If you compare the deaths between Shi et al and Wuhan CDC numbers, there's a big discrepancy there as well.

@NateWatson The spirit of the question is to check whether the WHO data is complete or not. If there's an early epidemiological dataset in which the index case is missing, I would not call that dataset as complete even though it's just a single case missing.

@Akzzz123 I The December 1 (I think that's what you mean? can you be a little more explicit in your arguments?) case is an entirely different issue, albeit a very important one (I agree, if the December 1 case had Covid, and had symptom onset on December 1, it makes the wet market case far less likely, and I agree if Covid is unconnected to the wet market, it is probably originating from the lab.) The WHO was certainly aware of the December 1 case though so it's not exactly a discrepancy in the underlying data, they definitely knew about it and chose to exclude it, rightly or wrongly.

I disagree that the spirit of the question is "is the WHO data complete". It's very clearly about case counts. Not "is anything significant wrong with the WHO data". If you're really saying you'll resolve YES, not because of your original argument, not because of a significant discrepancy in counts, but because of the December 1 case, I don't want to debate.

I am pretty unsure about the Covid origins question as a whole, and if I found out tomorrow lab origin is true, I would think maybe the December 1 case was real and there was some cover-up going on with it. But I would still think Shi et. al. is a red herring and the discrepancy is not because they had access to some data others did not.

@NateWatson

I've updated the description to clarify the spirit of the market that I had in mind when I created it. I'm sorry for the miscommunication.

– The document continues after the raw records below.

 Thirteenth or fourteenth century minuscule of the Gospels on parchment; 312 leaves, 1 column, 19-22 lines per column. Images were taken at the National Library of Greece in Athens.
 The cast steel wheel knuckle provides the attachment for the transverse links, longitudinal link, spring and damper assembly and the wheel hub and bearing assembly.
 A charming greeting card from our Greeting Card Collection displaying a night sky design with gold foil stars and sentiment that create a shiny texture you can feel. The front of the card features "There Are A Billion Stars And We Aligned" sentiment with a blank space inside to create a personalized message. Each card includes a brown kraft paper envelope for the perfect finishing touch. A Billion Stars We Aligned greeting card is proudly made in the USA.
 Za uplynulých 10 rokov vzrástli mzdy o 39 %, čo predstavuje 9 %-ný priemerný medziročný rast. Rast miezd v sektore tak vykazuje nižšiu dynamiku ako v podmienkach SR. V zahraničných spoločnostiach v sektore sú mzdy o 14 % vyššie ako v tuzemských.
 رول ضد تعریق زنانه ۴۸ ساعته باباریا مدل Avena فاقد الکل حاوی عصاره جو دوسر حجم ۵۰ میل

It's not just because of the Dec 1 case, there are two Dec 10 cases too.

And there's another paper that shows this discrepancy in the very early cases.

https://www.nejm.org/doi/full/10.1056/nejmoa2001316

There's another paper by Pan et al that shows around ~200 cases in December.

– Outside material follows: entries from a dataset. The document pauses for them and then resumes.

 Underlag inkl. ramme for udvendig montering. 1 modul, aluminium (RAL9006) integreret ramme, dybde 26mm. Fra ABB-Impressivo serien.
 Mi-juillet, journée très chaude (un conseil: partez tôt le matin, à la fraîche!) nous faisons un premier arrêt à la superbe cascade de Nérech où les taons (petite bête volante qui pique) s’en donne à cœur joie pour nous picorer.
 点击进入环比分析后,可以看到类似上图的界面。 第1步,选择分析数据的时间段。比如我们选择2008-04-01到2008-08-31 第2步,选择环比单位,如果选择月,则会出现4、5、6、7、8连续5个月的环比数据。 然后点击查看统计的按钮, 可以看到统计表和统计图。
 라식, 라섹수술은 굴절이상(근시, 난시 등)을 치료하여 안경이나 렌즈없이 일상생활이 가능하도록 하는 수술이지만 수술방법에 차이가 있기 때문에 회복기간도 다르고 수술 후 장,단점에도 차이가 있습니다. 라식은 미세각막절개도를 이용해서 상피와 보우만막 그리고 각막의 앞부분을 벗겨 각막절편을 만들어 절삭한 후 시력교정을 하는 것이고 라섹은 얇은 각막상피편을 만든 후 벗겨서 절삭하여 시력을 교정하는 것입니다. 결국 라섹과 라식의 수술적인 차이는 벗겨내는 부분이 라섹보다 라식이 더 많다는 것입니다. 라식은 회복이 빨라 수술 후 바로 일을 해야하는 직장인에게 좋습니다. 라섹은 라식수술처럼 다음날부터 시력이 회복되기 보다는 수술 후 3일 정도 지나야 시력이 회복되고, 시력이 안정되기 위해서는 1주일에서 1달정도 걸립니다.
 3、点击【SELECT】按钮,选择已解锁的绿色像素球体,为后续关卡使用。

There's also the SCMP leak which shows around 260 cases in 2019.

The WHO terms of reference (July 2020) mentions 124 confirmed cases and specifically refers to a retrospective search for cases.

Shi et al mentions 135 lab confirmed cases and 227 total.

15 deaths in the Wuhan CDC report from Dec onset cases compared to 33 in Shi et al. We know that deaths were underreported.

That the WHO numbers resemble an early Feb Wuhan CDC numbers imo strongly suggests that there was no inclusion of any serious retrospective search in the final WHO report.

So as far as I can see, there are plenty of good reasons to resolve this YES.

@Akzzz123 I finally got around to reading this thread.

As long as we're nitpicking discrepancies in the early case counts, shouldn't we also ask why the SCMP article is inaccurate?

The article reads:

"According to the government data seen by the Post, a 55 year-old from Hubei province could have been the first person to have contracted Covid-19 on November 17.

From that date onwards, one to five new cases were reported each day. By December 15, the total number of infections stood at 27"

https://archive.is/2WSIi#selection-3571.0-3583.128

If there was at least one 1 case per day from November 17th to December 14th, that's already 28 cases. And if some of those days have 5 cases, it's definitely going to be more than the 27 listed.

There would also have to be more than 9 cases in November, if there's at least one case every day.

Clearly the 266 number is inaccurate and there are actually more cases that the SCMP is hiding. Why won't they tell you about the other November cases, besides the 9 they will tell you about?

@PeterMillerc030

I see strawmans are back on the menu.

Probably they meant one to five cases on each day when cases were reported.

Also, their article doesn't say there were only 9 Nov cases, they say first nine cases in Nov, so it's possible there are more than 9 Nov cases which is very different from the WHO report. The cumulative numbers they report are also very different from the WHO report.

@Akzzz123 The plural of "strawman" is "strawmen".

With so little attention to detail, I don't see how you can possibly solve the origins of covid.